But is the ability to simply ask for the news to appear on your screen, play a song you’re in the mood to listen to, or maybe turn off the lights without having to leave their chair just that – a simple convenience? Many advocates have already voiced their concerns over eroding privacy policies. The fact is that these microphones are constantly listening to you, recording and saving every single word you utter.

If you’re fine with Amazon and Google logging your regular activity on the web, you probably won’t get worried. But a lot of people, especially those that cover their laptop cameras because they worry they are being watched, surely will.

How do listening devices, voice assistants work?
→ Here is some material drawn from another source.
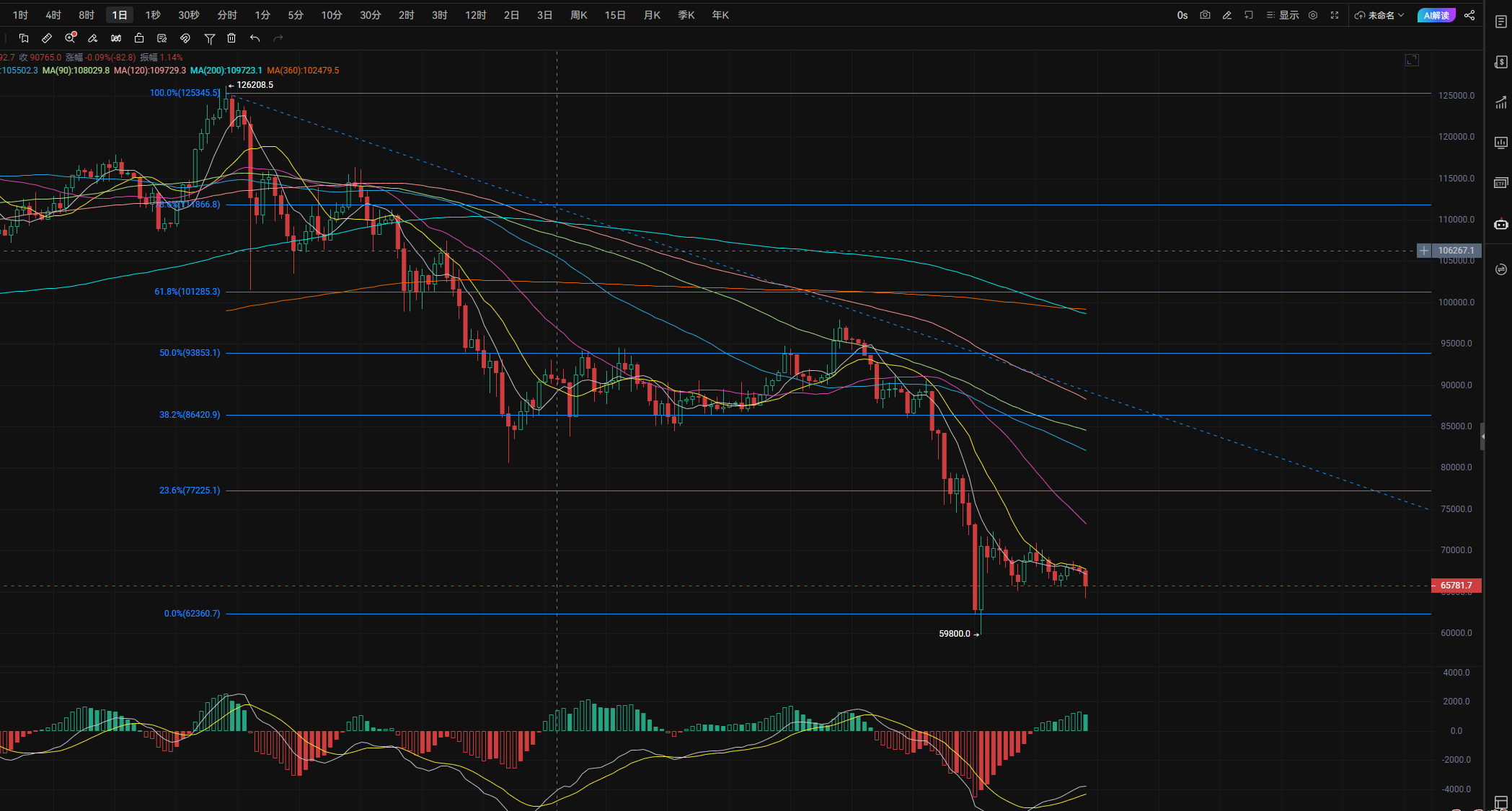 Other data remains relatively normal. However, liquidity still has no obvious improvement; the help of tariffs to the Federal Reserve may also take time to manifest. The first half of this year remains challenging; market sentiment is very tense, and a collapse could occur in an instant. If it rebounds to the 65500-66300-66800 range, you may consider a short position, targeting down to 64350-62300.

When you request something using your voice, Google Home and Amazon’s Alexa stream or record clips of what you speak, and then send the files to a server which processes the audio and comes up with a proper response. This is a default enabled process, and the recorded audio is connected to your account. Because of the fact that the servers are located far away from you, these devices logically require an internet connection to function.

They only respond to their own “wake words”, such as “OK Google” and “Alexa”. Once you say these words, the devices start recording your request and then send it to the server. This should mean that, even though they are always listening to you, they don’t record what you speak until you say the right words. The same as with every other privacy issue, can you really be sure of this?

Is this secure from hackers?

The frightening fact is that it is possible that hackers get access to these devices. Still, that doesn’t mean that Google and Amazon don’t have their own security measures that do their best to make sure that there’s no one interfering with your voice assistant systems. The audio that is sent from your home to Google and Amazon is encrypted, so even if your home network is under attack, there is really a slim chance that the devices can be used to listen to you.

You can also apply some simple security measures such as using the mute button they both have. What you need to worry about more is someone obtaining your Google or Amazon password and being able to view the logs of all your interactions.

What happens to your recorded audio clips?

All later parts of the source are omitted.